Google Moffett Place Campus, September 01, 2023
  • Traditional view synthesis approaches:
    - Interpolation techniques work for reconstruction from dense samples.
    - Mesh-based representations that require template meshes and are not suitable for gradient-based optimization.
    - Volumetric representations are well-suitable for gradient-based optimization but is not scalable to high resolutions due to discrete sampling.
  • A static scene is represented as a 5D continuous function:
    - Inputs are the 3D position and the 2D viewing direction of the camera.
    - One output is the view-dependent radiance (i.e. RGB) emitted at the location from the viewing direction.
    - Another output is the volume density representing the opacity at the location.
  • The neural radiance field (NeRF) is a multilayer perceptron (MLP) that does the above mapping.
    - The common bottom layers take in the locaction and output the density and a 256-dimensional feature vector.
    - An additional fully-connected layer takes in the 256-dimensional feature layer and the the camera ray’s viewing direction to output the view-dependent RGB color.
    - Without view dependence, there would be difficulty representing specularities.
    - Parameters are optimized separately for each scene via gradient descent.
    - The training error is simply the total squared error between the rendered and true pixel colors in the captured images.

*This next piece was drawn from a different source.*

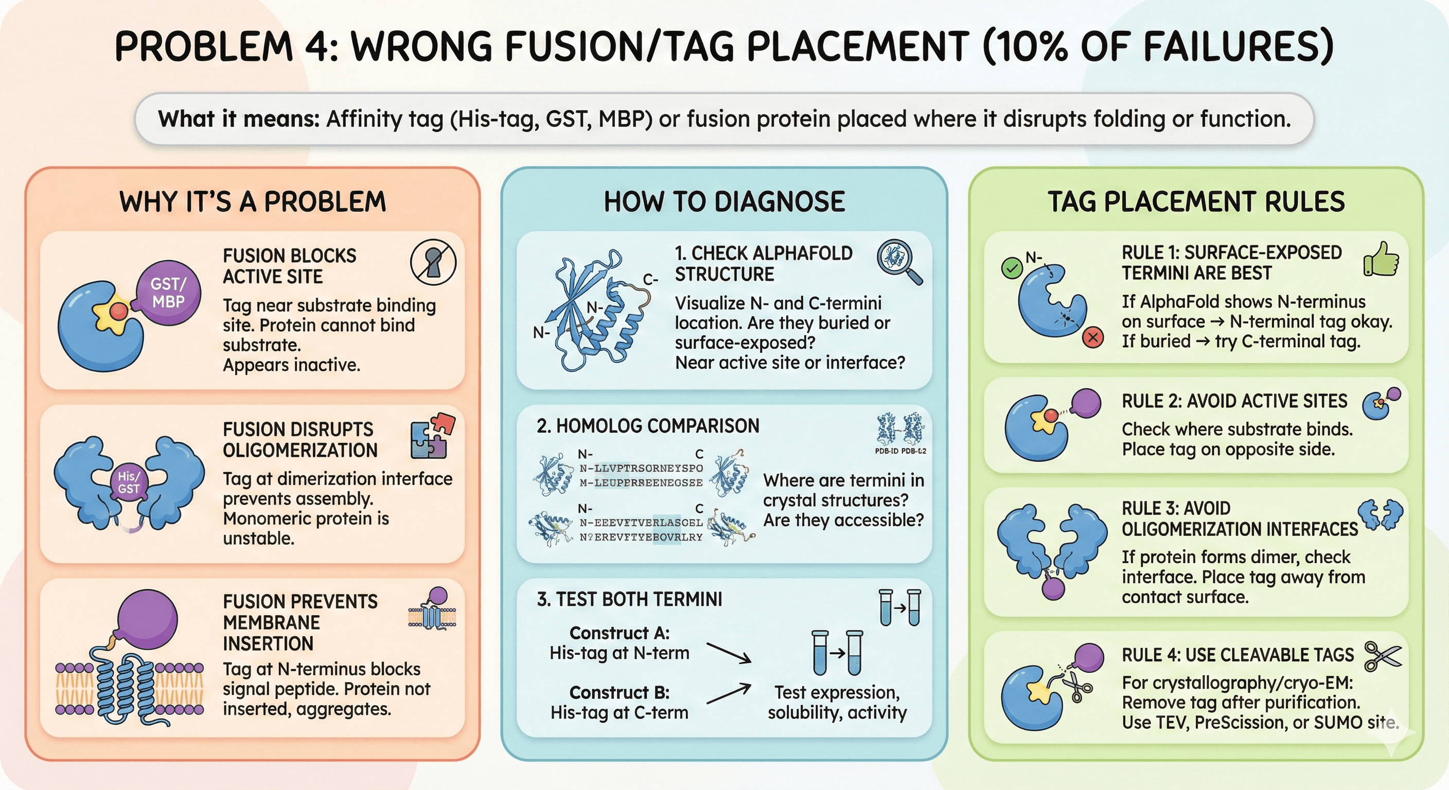 What it means: Affinity tag (His-tag, GST, MBP) or fusion protein placed where it disrupts folding or function.

  • The volume density can be interpreted as the differential probability of a ray terminating at an infinitesimal particle at the location.

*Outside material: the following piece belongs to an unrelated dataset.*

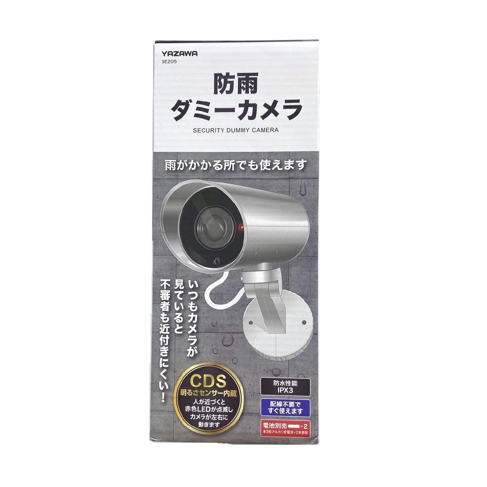 バレット型防雨ダミーカメラ SE205 人感センサーで赤色LED点滅&首振り 単3形アルカリ乾電池×2本(別売)

    - The accumulated transmittance looks like this because illuminance drops proportionally at a surface along the ray, leading to a 1st-order linear ODE according to a zhihu article.
Continuous Volume Rendering (Source: [1])

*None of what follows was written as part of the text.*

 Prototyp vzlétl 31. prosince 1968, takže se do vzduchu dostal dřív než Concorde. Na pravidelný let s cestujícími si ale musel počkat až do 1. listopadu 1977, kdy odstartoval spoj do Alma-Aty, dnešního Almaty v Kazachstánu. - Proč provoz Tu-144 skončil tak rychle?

  • The continuous integral is numerically estimated using quadrature and stratified sampling.
Volume Rendering Estimate
  • Positional encoding:
    - Deep networks are biased towards learning lower frequency functions and perform poorly at representing high-frequency variation in color and geometry.
    - The solution is to preposition an encoding function to map each component of the position (3D vector) and the viewing direction (3D unit vector) to a higher dimensional space.
    - Such an encoding is so named in Transformer, where it was used for a different purpose.
  • Hierarchical volume sampling:
    - Sample efficiency needs improvement due to the presence of free space and occuluded regions that don’t contribute to the rendered images.
    - The solution is to separate the representation into a coarse network and a fine network that are optimized separately.
    - Evaluate the coarse network at locations obtained via stratified sampling to produce a more informed sampling.
    - A second set of samples are generated using inverse transformed sampling based on the color weights obtained from the coarse network, so that it contains more samples in regions expected to have visible content.
    - The fine network is evaluated at both the first and the second sets of sample.